Young found that DNA is organized into gene loops, which he describes as “insulated neighborhoods,” Mandel-Brehm said. For example, if all the houses in a particular neighborhood used the same key, then anybody could enter any house at will.

“It would be pure chaos. Our genome is like that, too.” he said. “That organization of genes matters, because it’s how the cell helps orchestrate the chaos.”

CAMP4’s platform decodes the physical structures used to unlock and turn on or off the expression of individual genes that can cause a disease. By learning the construction of the key itself, a new drug could affect the regulation of a gene without approaching traditionally more difficult targets, such as DNA editing or transcription factors, Mandel-Brehm said.

“And if you understand that code, that circuitry for any particular gene, you can actually take that application across any gene and any cell type,” he said. And exploring the other genes grouped in a neighborhood of interest can, in turn, lead to more connections. “We found many different correlations between genes and pathways that people have never even thought about.”

CAMP4 started by mapping out pathways in the liver and its associated diseases. With its new round of series A funding, it hopes to scale up its computational platform to cover other areas, such as immunology and T cells, or central nervous system diseases.

The financing round was led by the venture capital firm Andreessen Horowitz, along with The Kraft Group and Polaris Partners, which initially seeded the company. Based in Cambridge, Massachusetts, CAMP4 currently has 18 employees, including recent additions of senior scientists.

Teva Pharmaceuticals’ Iris Grossman joined CAMP4 earlier this year as chief scientific officer. She led Teva’s early stage clinical development unit, and helped build the company’s personalized medicine strategy.

Asher Schachter was brought on as senior VP for translational medicine, after working as a medical lead in nephrology and hematology programs in the New Indication Discovery Unit at the Novartis Institutes for Biomedical Research.
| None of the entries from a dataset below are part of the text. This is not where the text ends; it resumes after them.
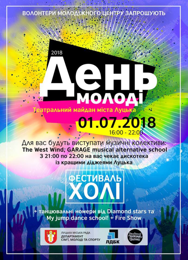 Департамент сім'ї, молоді та спорту Луцької міської ради та Молодіжний центр Волині за підтримки ПрАТ «ЛДБК» обіцяють барвисті та кольорові враження тим, хто прийде на холі-фест. До слова, придбати фарби можна буде власне на самому Театральному майдані, де і відбудеться батл кольорів.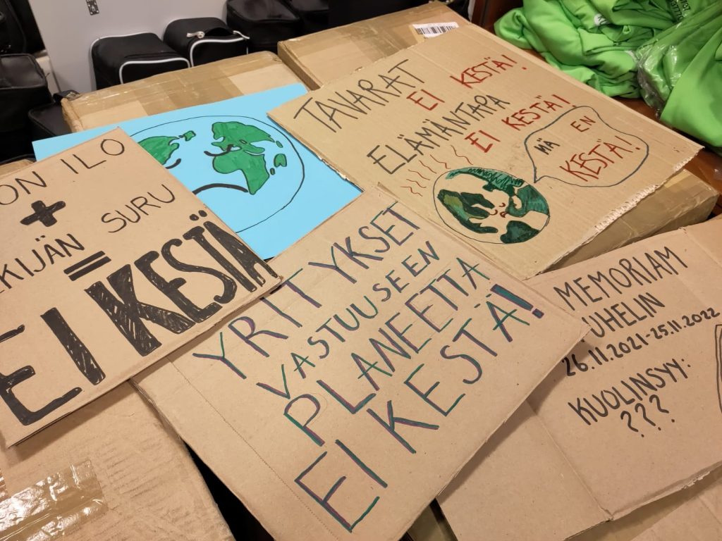 Kylttityöpaja järjestetään Kirkon Ulkomaanavun toimistolla Helsingissä osoitteessan Eteläranta 8 (3.krs). Paikalla on tarvikkeita kylttien tekemiseen sekä vegaanista evästä.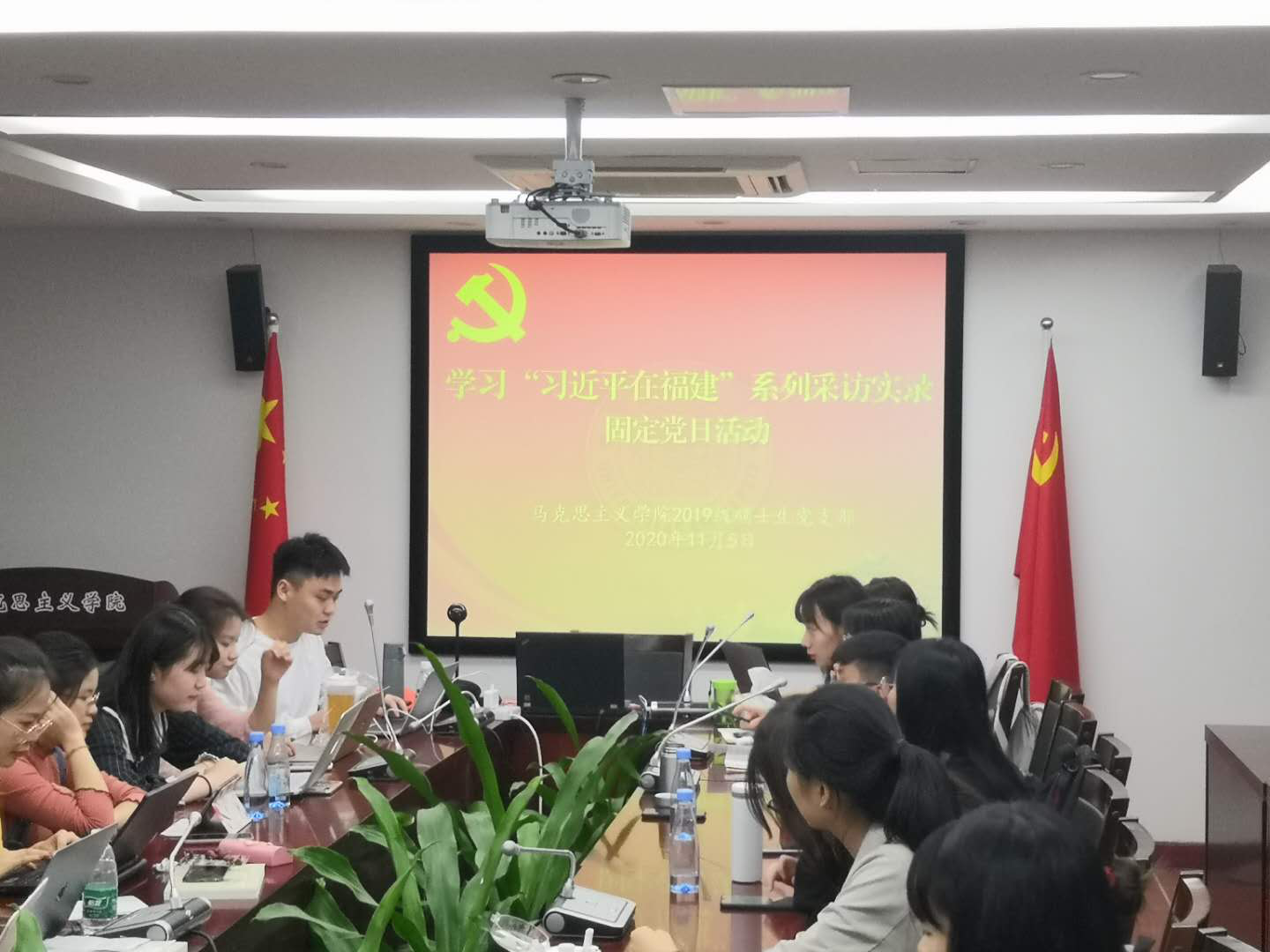 为进一步理解和秉承习近平总书记在福建工作时创造的宝贵思想财富、精神财富、作风财富和实践成果,11月5日,马克思主义学院2019级硕士研究生党支部在囊萤楼302会议室开展固定党日活动,学习“习近平在福建”系列采访实录。

And last year, David Bumcrot joined as VP and head of biology, following multiple years apiece at Curis, Alnylam Pharmaceuticals, the Koch Institute at MIT and Editas Medicine.

“Since forming the company in 2016, we have seen the incredible impact of CAMP4’s 4-D gene circuitry platform in generating insights into many currently unaddressed diseases,” said Amir Nashat, a partner at Polaris. “CAMP4’s technology has the potential to make a step change in both time and dollars required to discover new treatments for the sickest patients.”